В технизированной японской квартире «Увидишь» обретает черты фантастики. Едва я открыла дверь, как заиграл Бах.
— Это Бах, — сказала я.
Настала моя очередь.
— Мне очень нравится, — прокомментировал Ринри.
Я повернулась к нему и указала на него пальцем.
— Это ты.
Игра кончилась. В любви правил больше не существовало. В постели я открывала для себя удивительного человека. Он очень долго смотрел на меня, потом сказал:
— Какой красивый ты!
Опять плохой перевод с английского. Но ни за что на свете я не стала бы его поправлять. Меня никогда еще не находили красивым.

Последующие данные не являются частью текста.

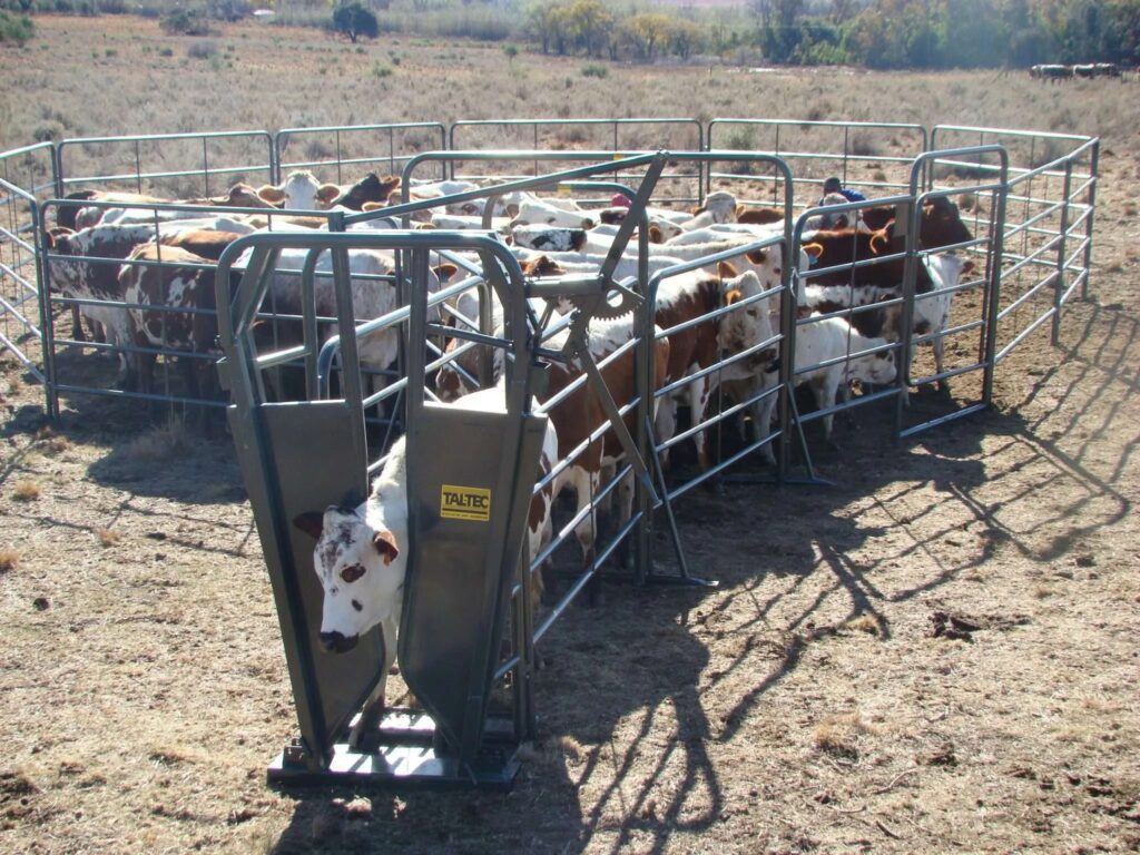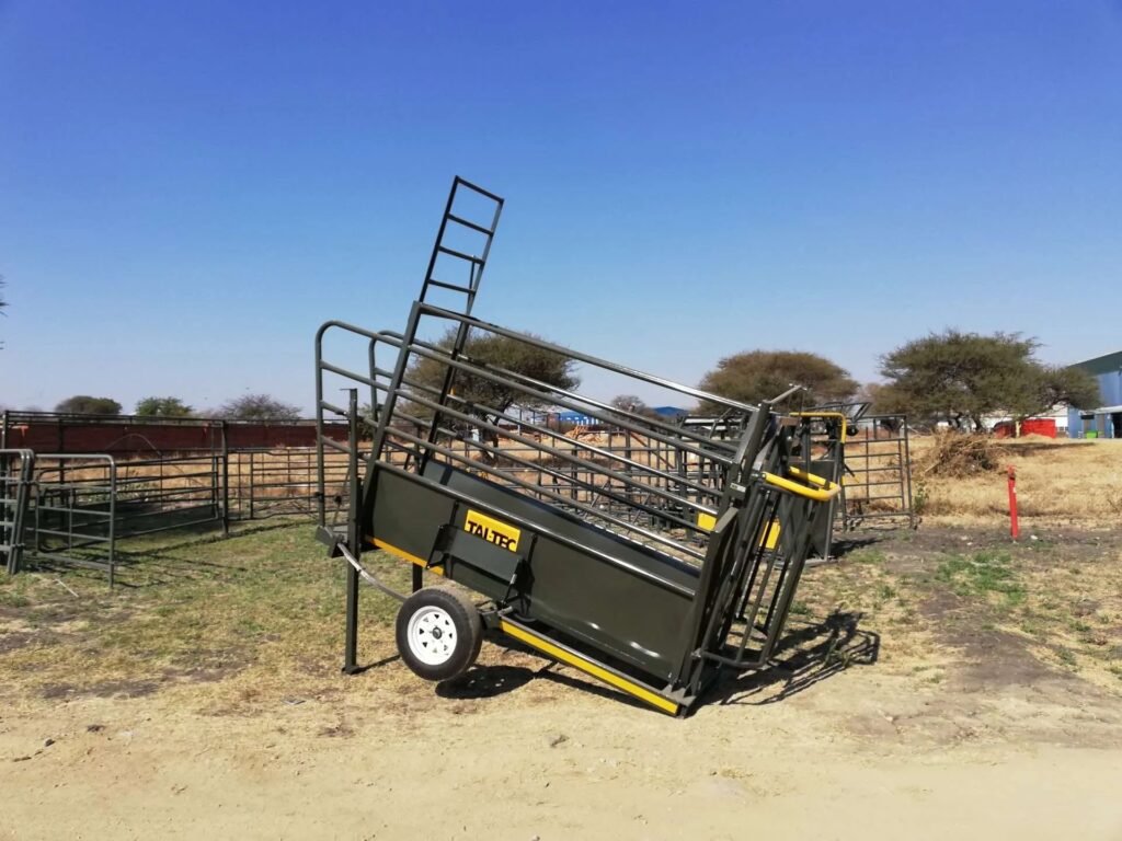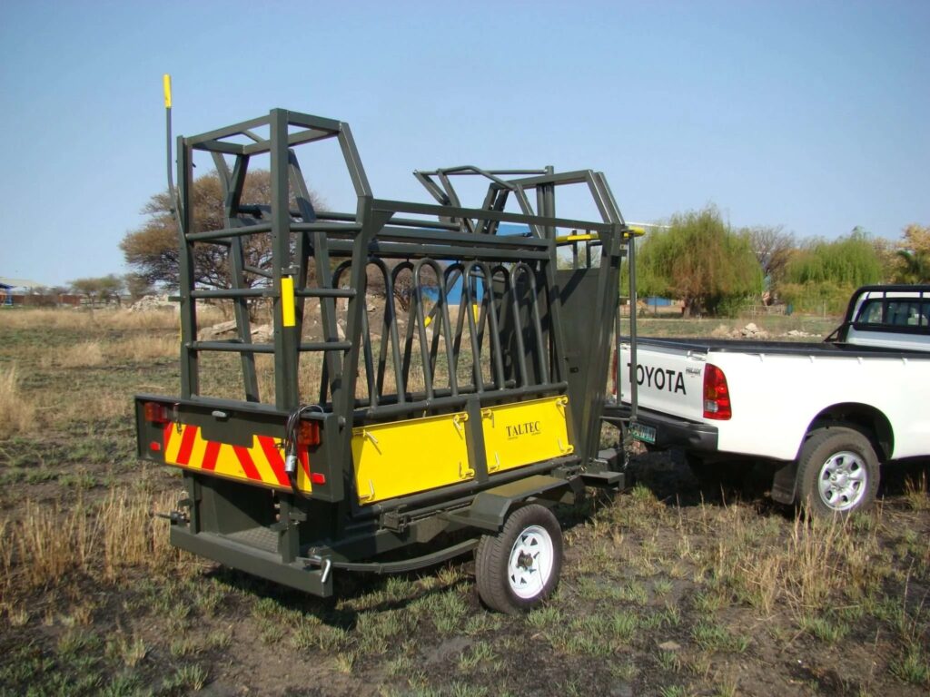 The portable cattle kraal with trailer is ideal for working with cattle across various farms. It assembles easily and is not permanent, allowing flexibility. Capable of handling around 80 cattle at once, depending on their size and breed, the unit can be equipped with a neck clamp at the end of the crush for more detailed work. The trailer is SABS approved and roadworthy.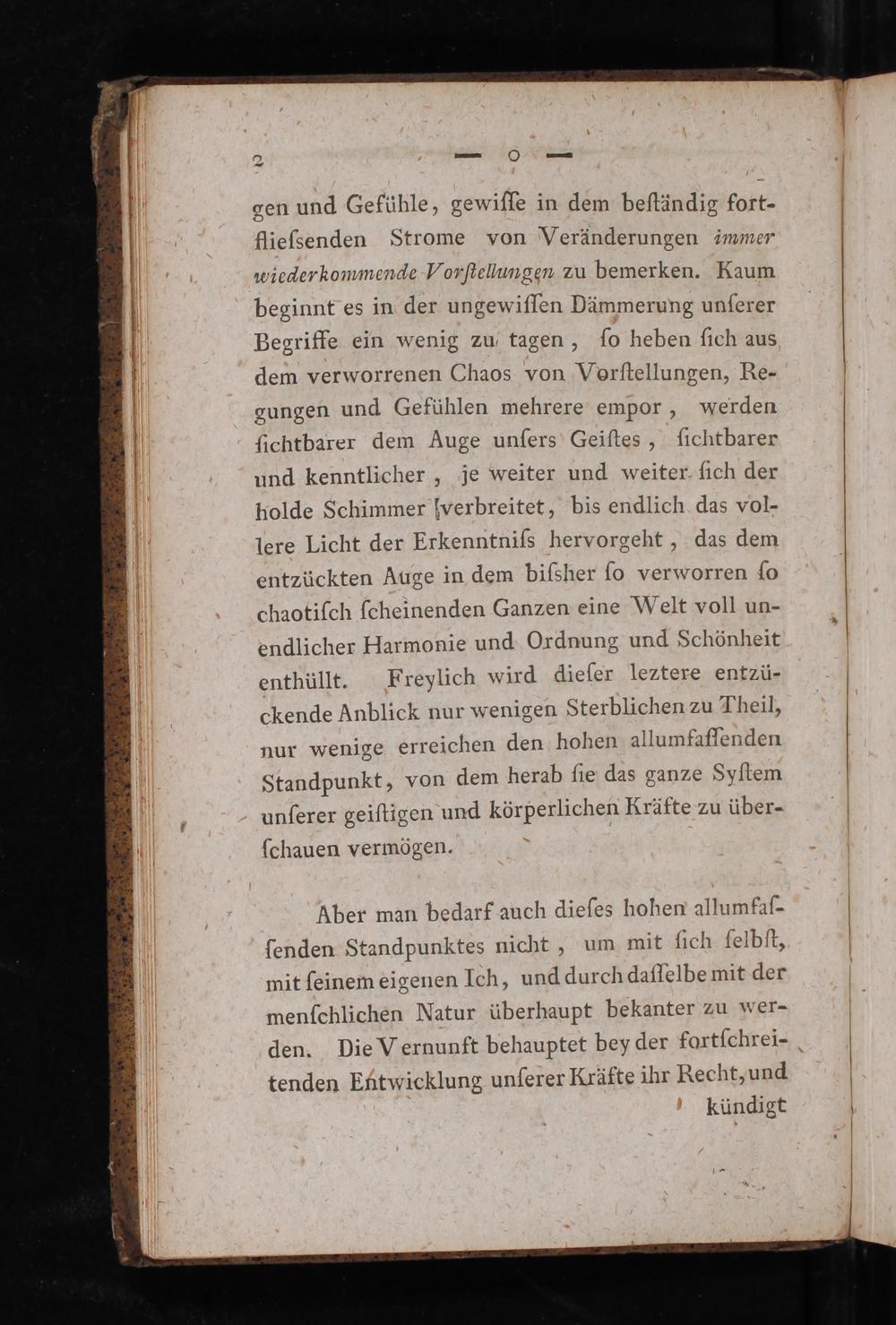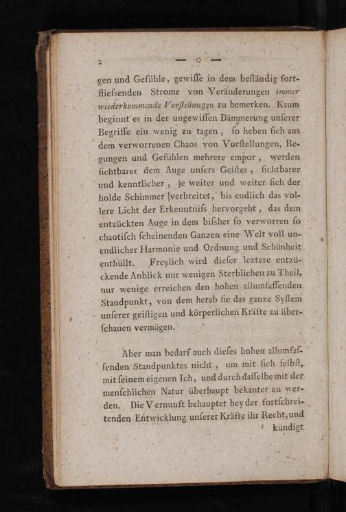 gen und Gefühle, gewiſſe in dem beſtändig fort- flieſsenden Strome von Veränderungen immer wiederkommende Vonſtelumgen zu bemerken. Kaum beginnt es in der ungewiſſen Dämmerung unſerer Begriffe ein wenig zu tagen, ſo heben ſich aus dem verworrenen Chaos von Vorſtellungen, Re- gungen und Gefühlen mehrere empor, werden ſichtbarer dem Auge unſers Geiſtes, ſichtbarer und kenntlicher, je weiter und weiter fich der polde Schimmer hwerbreitet, bis endlich das vol⸗ lere Licht der Erkenntniſs hervorgeht, das dem entzückten Auge in dem biſsher ſo verworren ſo chaotiſch ſcheinenden Ganzen eine Welt voll un- endlicher Harmonie und Ordnung und Schönheit enthüllt. Freylich wird dieſer leztere entzü- ckende Anblick nur wenigen Sterblichen zu Theil, nur wenige erreichen den hohen allumfaſfenden Standpunkt, von dem herab ſie das ganze Syſtem unſerer geiſtigen und körperlichen Kräfte zu über-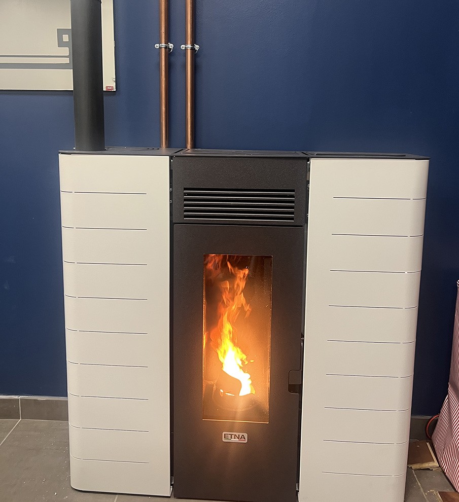Pour les jours rouges et même de nombreux autres, mon choix s'est porté sur un poêle à pellets Hydro d'une puissance totale de 16kW, 12,8kW sur mon réseau de radiateurs déjà en place (le chaffauge était historiquement au gaz de ville) et 3kW par convection, ceci à puissance maximale. Ce poêle est très performant et affiche plus de 98% de rendement (je ne sais pas comment mesurer ce point)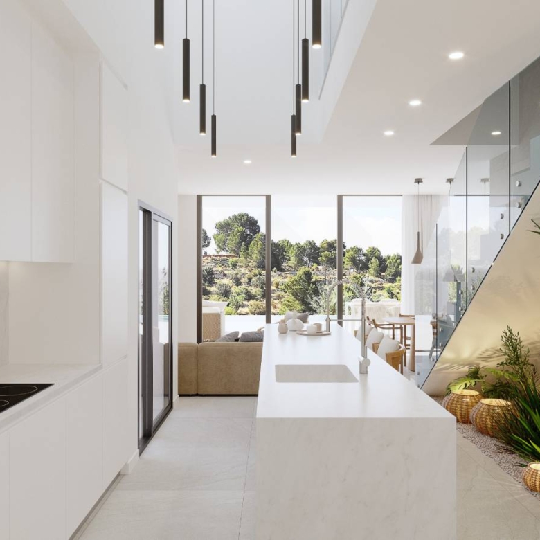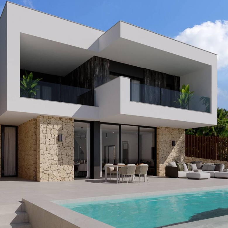 Villas for sale in Finestrat, Costa Blanca Various models of different typologies, signature homes, private pools, local stone, exceptional diffusion of natural light, optimal energy efficiency, perfect integration of interior and exterior space, are the characteristics of the innovative architecture, where nature and comfort meet. merge with the most innovative design. The residential incorporates energy efficient facilities such as aerothermal systems or solar energy, in order to achieve high energy performance throughout the year. The first phase of this residential consists of 3 models of independent villas on one floor: * Villas Colibri: 3 Bedrooms + 2 Bathrooms. 107.50 m2 built. Plots of 325.00 m2.* Villas Alcotan: 4 Bedrooms + 3 Bathrooms. 120.00 m2 built. Plots of 400.00 m2.* Villas Azor: 2-storey houses next to the banks of the Alfarelles river, 178.41 m2 built and on 500 m2 plots. This exclusive residential offers premium security and privacy systems in each property, based on 4 main points: Existence of 1 entrance and 1 exit, both monitored by security cameras. Perimeter limited only by the Alfarelles de la Tapiada river, the surrounding pine forest and its own internal streets; which means that the access for the owners is totally private and all the properties belong to the residential complex. All our houses are designed and built with pre-installation for security cameras and pre-installation of private alarm system, the minimum building density has been a constant throughout the project, with the aim that each house coexists with its environment and integrates naturally in the privileged setting that surrounds it. A place magically located between the mountains and the sea and a true paradise for lovers of tranquility and outdoor sports. The residential also stands out for its proximity to the La Marina shopping center and the Terra Mitica theme park. Property ID: GH-307543 Price: €795,000 Property Size: 192 m2 Land Area: 500 m2 Bedrooms: 3 Bathrooms: 4 Property Type: Villa Property Status: For Sale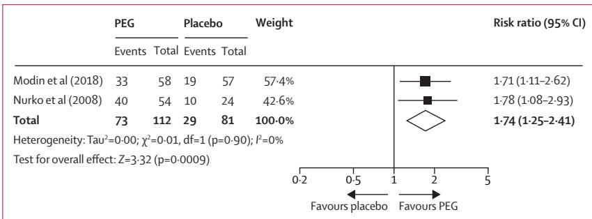 首先,我们要确认的是药物是否真的比“糖丸”有效。如图[1]所示,当我们审视聚乙二醇(PEG)与安慰剂对比的森林图时,可以清晰地看到代表风险比(Risk Ratio, RR)的黑色方块显著地分布在垂直线的右侧,即“倾向于 PEG”的一侧。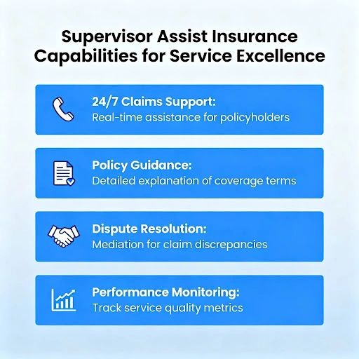 - Supervisor assist insurance enables managers to provide timely support without micromanaging or disrupting workflows unnecessarily.
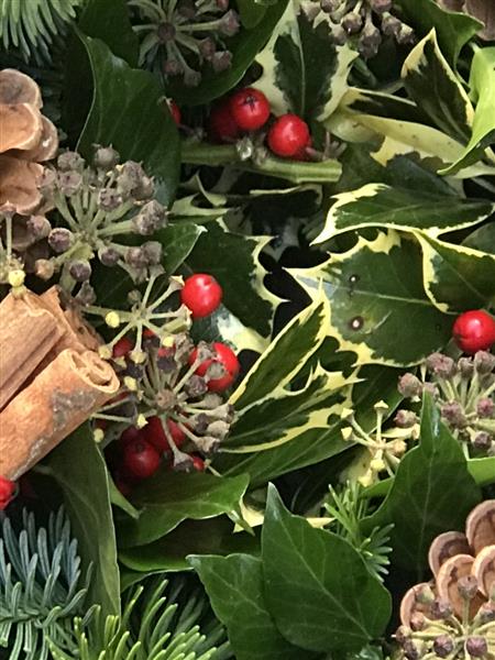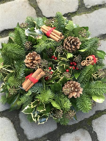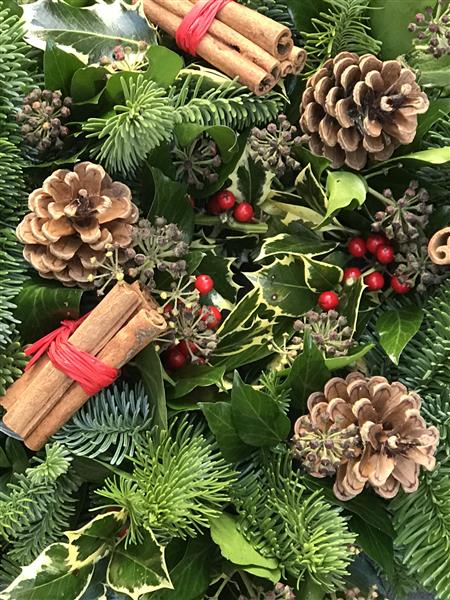 A 12” Christmas Wreath in mixed festive foliage with natural decorations like fir cones, red berries and red ribbon tied cinnamon sticks.

— Японки намного красивее, — сказала я.
— Это не так.
Я порадовалась, что у меня дурной вкус.
— Расскажи мне о японках.
Он пожал плечами. Я попросила еще раз. В конце концов он сказал:
— Не могу тебе объяснить. Они меня раздражают. Они как будто ненастоящие.
— Может быть, я тоже ненастоящая.
— Нет. Ты живешь, ты смотришь вокруг. А их интересует одно: нравятся ли они. Они думают только о себе.
— Большинство западных женщин тоже.
— Мне и моим друзьям кажется, что для них мы просто зеркало.
Я изобразила, будто смотрюсь в него и поправляю волосы. Он засмеялся.
— Ты много говоришь с друзьями о девушках?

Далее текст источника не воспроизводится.